__COLLECTED DATA__.
-*-
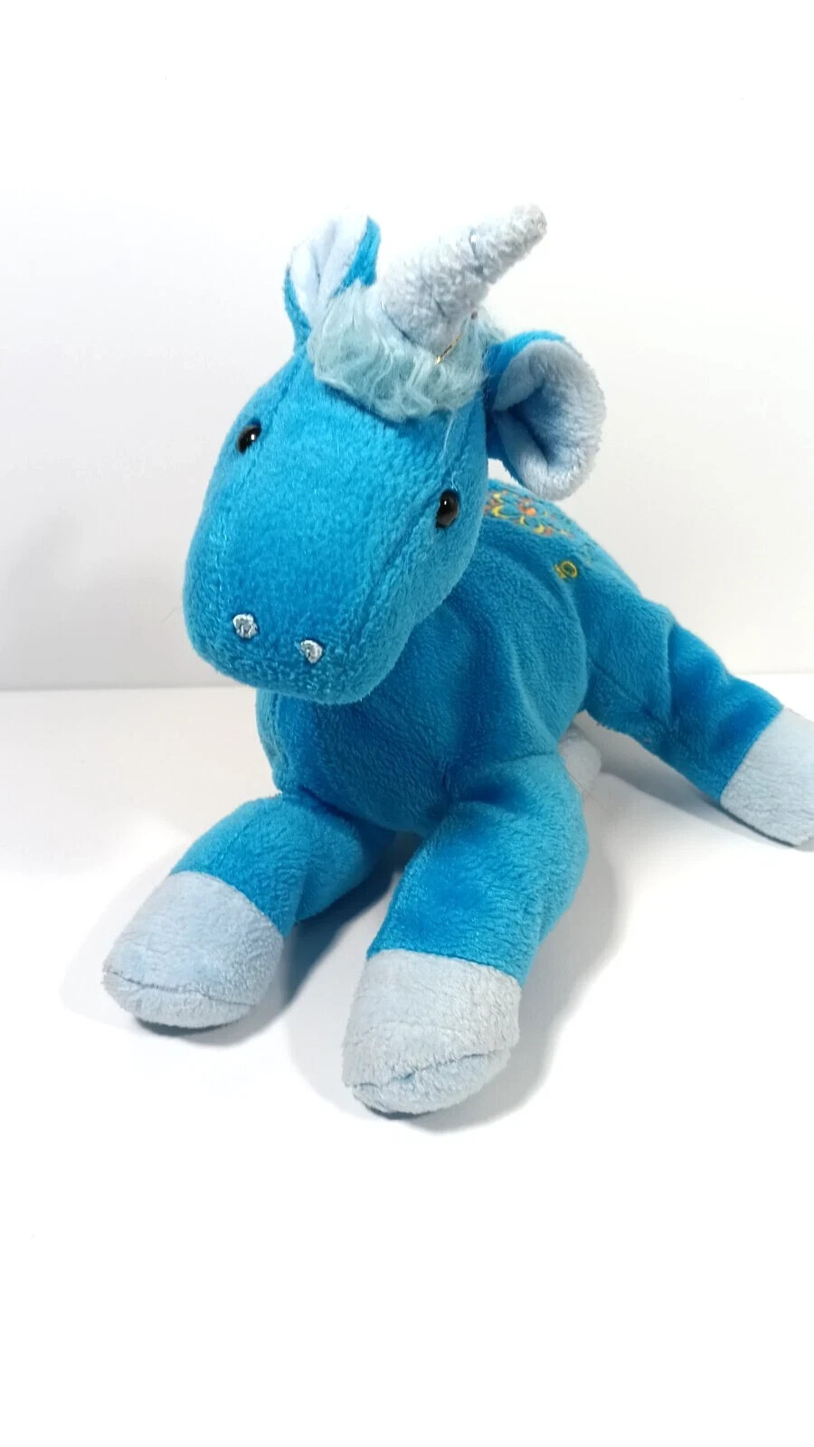 как выглядит FAO Schwarz Blue Unicorn Plush Stuffed Animal Toy Embroidered Floral Girl фото
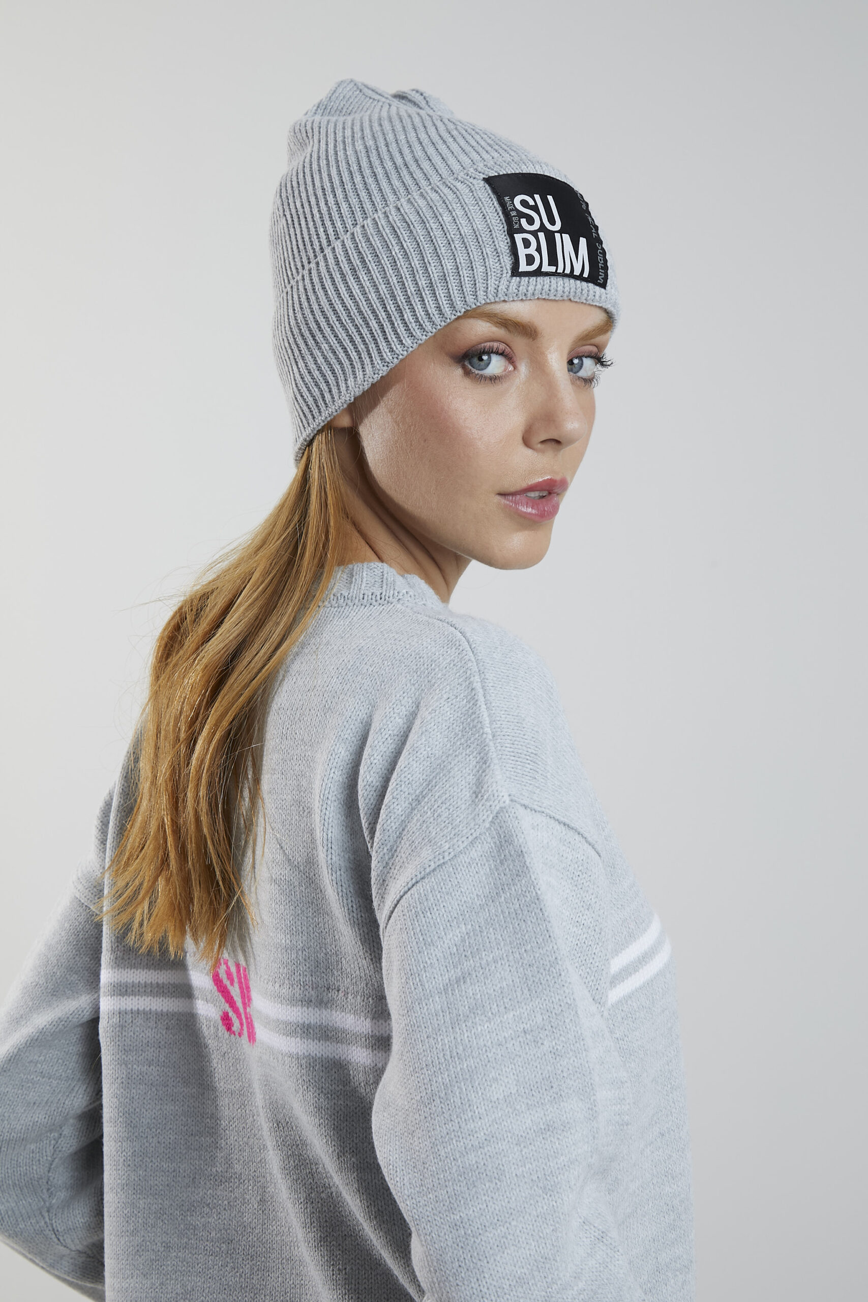 Jersey de punto en color perla, con cuello redondo y manga larga. Presenta la palabra SUBLIM en color fucsia con el mensaje “MADE IN BCN” justo debajo, acompañado de dos líneas horizontales en color blanco a ambos lados.
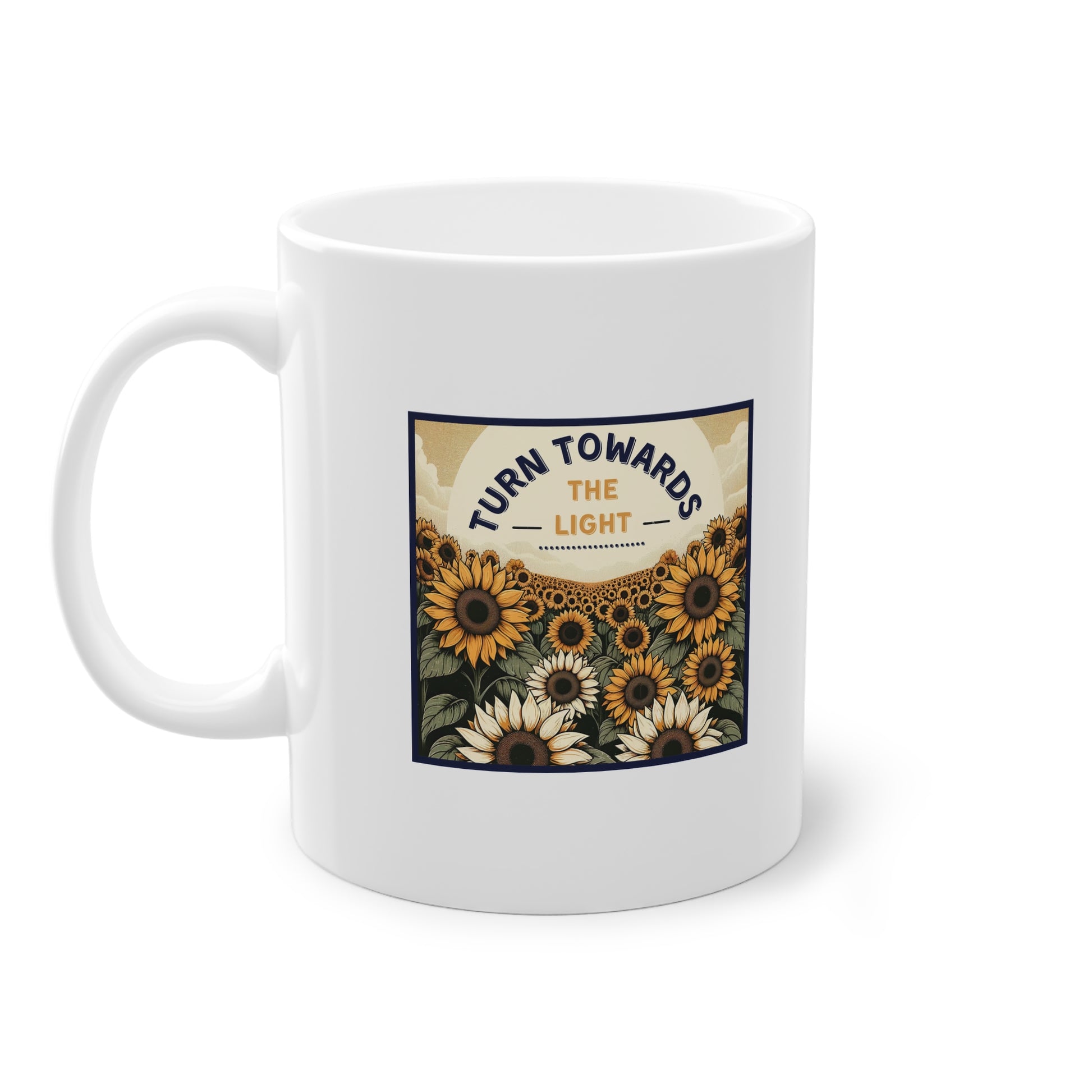 Imagine the warmth of the first morning light, sunflowers stretching tall, turning their faces to the sun. That's the essence we've captured in our "Turn Towards the Light" coffee Cup. A blend of vintage aesthetic and sunflower splendor, it's a beacon of optimism with every sip.
-*-
__PROBLEM TO SOLVE__.
An exact copy of every line above is needed, without the images.

__WRITTEN ANSWER__.
 как выглядит FAO Schwarz Blue Unicorn Plush Stuffed Animal Toy Embroidered Floral Girl фото
 Jersey de punto en color perla, con cuello redondo y manga larga. Presenta la palabra SUBLIM en color fucsia con el mensaje “MADE IN BCN” justo debajo, acompañado de dos líneas horizontales en color blanco a ambos lados.
 Imagine the warmth of the first morning light, sunflowers stretching tall, turning their faces to the sun. That's the essence we've captured in our "Turn Towards the Light" coffee Cup. A blend of vintage aesthetic and sunflower splendor, it's a beacon of optimism with every sip.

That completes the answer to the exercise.